**What to do:**
In the entries below, find the line with "Per una banda, amb" and the line with "Streamline purchasing, secure". Print those two and everything between them exactly, and nothing else.

**The records:**

↓

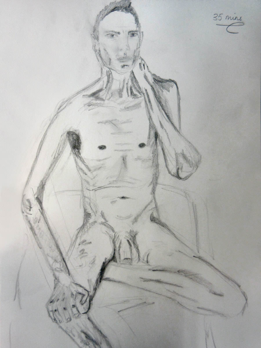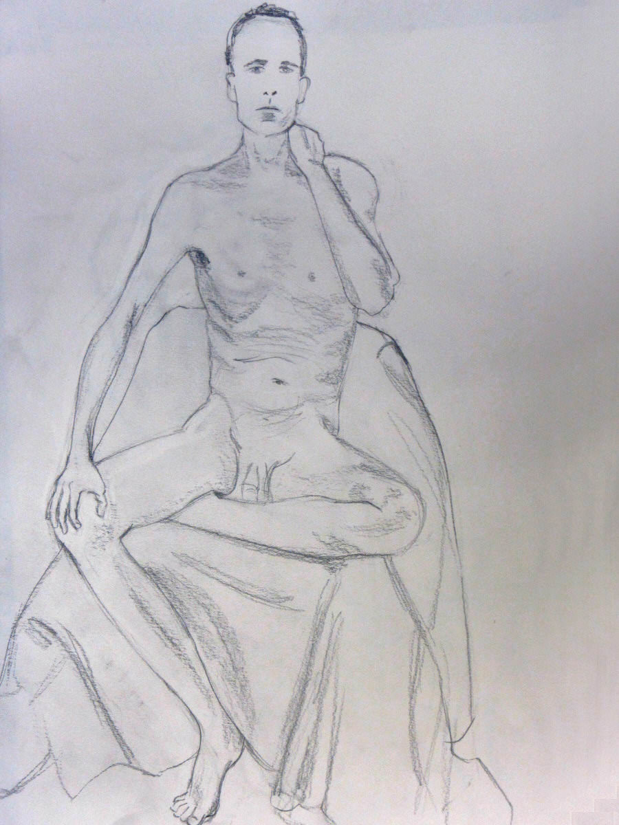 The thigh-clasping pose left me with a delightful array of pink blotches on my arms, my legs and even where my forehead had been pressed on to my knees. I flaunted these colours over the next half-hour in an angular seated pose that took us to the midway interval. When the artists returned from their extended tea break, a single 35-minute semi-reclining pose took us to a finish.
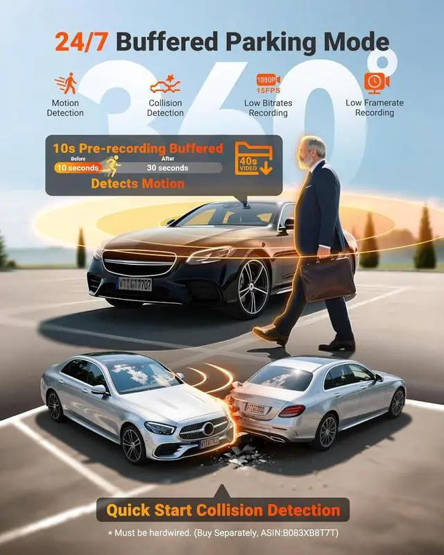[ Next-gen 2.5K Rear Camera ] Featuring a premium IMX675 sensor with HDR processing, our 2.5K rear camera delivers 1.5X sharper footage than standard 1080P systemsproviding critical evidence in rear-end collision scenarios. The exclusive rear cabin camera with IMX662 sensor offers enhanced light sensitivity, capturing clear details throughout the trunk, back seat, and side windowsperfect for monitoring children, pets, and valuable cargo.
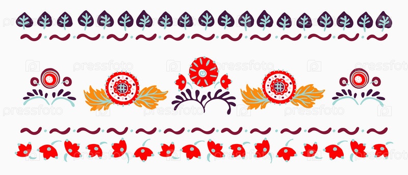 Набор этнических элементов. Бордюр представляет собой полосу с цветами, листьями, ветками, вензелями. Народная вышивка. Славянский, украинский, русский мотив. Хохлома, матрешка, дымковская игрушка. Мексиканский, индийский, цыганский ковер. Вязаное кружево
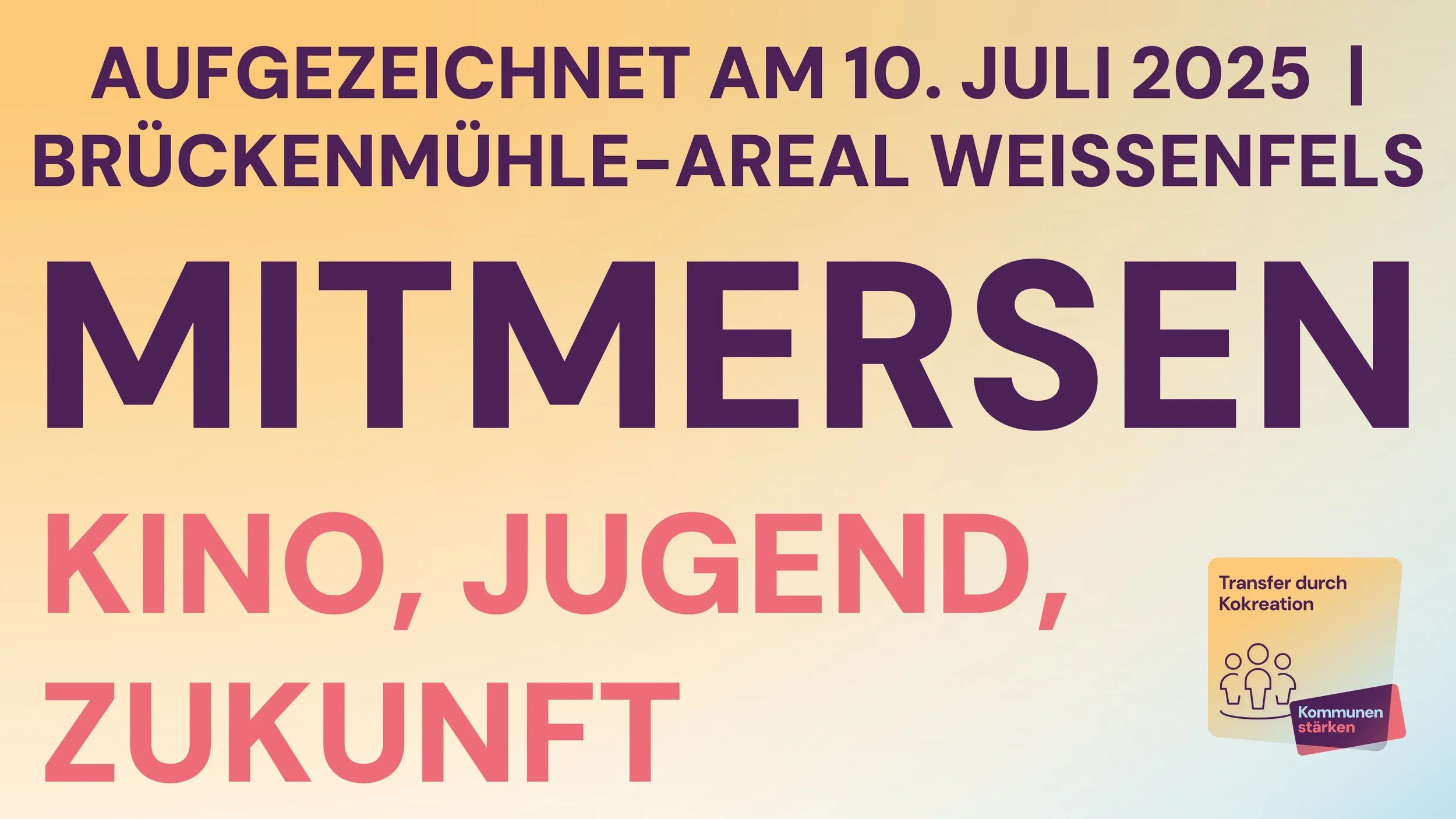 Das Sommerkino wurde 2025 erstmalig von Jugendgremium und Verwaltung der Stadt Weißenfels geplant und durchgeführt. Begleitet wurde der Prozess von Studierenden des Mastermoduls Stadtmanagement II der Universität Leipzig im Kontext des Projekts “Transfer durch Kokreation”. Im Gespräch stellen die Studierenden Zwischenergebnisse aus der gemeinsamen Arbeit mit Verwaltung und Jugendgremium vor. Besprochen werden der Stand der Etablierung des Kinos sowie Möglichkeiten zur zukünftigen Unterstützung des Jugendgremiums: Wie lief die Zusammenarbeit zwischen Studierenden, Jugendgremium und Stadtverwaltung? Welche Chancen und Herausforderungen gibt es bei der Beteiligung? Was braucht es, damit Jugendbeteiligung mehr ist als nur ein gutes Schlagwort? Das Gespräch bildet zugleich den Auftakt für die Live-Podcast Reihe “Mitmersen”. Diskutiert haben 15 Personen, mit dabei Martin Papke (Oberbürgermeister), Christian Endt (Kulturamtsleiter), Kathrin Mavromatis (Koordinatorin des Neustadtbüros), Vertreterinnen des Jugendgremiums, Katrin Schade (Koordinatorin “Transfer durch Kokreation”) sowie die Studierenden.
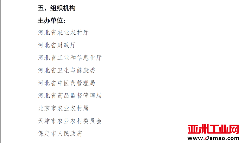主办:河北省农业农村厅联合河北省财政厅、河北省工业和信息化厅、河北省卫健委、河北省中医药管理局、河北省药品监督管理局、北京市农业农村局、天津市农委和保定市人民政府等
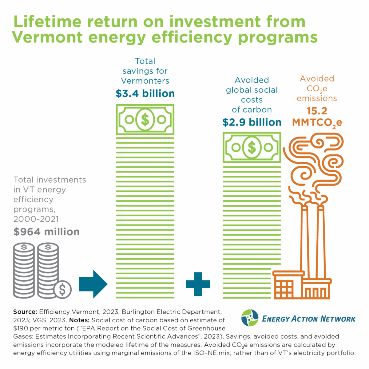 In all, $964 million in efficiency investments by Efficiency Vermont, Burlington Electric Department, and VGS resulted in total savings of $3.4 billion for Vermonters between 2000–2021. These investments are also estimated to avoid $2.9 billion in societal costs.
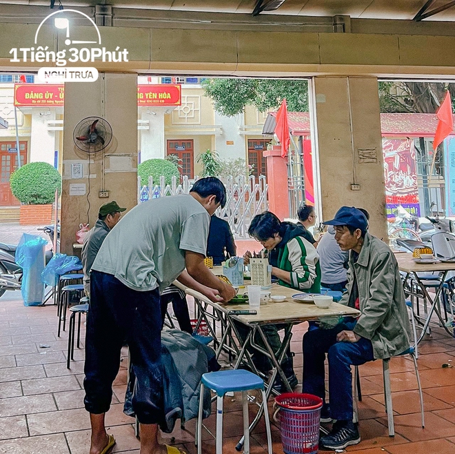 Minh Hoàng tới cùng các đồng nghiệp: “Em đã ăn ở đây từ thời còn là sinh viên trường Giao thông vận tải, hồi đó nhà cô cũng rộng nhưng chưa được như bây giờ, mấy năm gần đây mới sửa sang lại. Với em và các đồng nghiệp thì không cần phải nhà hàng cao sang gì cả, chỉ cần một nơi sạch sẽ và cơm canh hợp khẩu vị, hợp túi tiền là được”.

↑
↓

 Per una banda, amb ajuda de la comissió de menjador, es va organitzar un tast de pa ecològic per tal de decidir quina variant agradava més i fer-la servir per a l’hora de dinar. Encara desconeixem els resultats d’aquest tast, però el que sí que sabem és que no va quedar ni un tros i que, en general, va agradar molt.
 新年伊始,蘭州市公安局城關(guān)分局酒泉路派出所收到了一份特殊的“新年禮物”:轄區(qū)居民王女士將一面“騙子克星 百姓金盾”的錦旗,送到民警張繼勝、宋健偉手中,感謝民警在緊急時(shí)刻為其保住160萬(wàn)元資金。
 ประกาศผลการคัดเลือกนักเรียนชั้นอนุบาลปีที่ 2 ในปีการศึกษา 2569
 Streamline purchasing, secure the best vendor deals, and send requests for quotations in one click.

↑

**Answer area:**
 Per una banda, amb ajuda de la comissió de menjador, es va organitzar un tast de pa ecològic per tal de decidir quina variant agradava més i fer-la servir per a l’hora de dinar. Encara desconeixem els resultats d’aquest tast, però el que sí que sabem és que no va quedar ni un tros i que, en general, va agradar molt.
 新年伊始,蘭州市公安局城關(guān)分局酒泉路派出所收到了一份特殊的“新年禮物”:轄區(qū)居民王女士將一面“騙子克星 百姓金盾”的錦旗,送到民警張繼勝、宋健偉手中,感謝民警在緊急時(shí)刻為其保住160萬(wàn)元資金。
 ประกาศผลการคัดเลือกนักเรียนชั้นอนุบาลปีที่ 2 ในปีการศึกษา 2569
 Streamline purchasing, secure the best vendor deals, and send requests for quotations in one click.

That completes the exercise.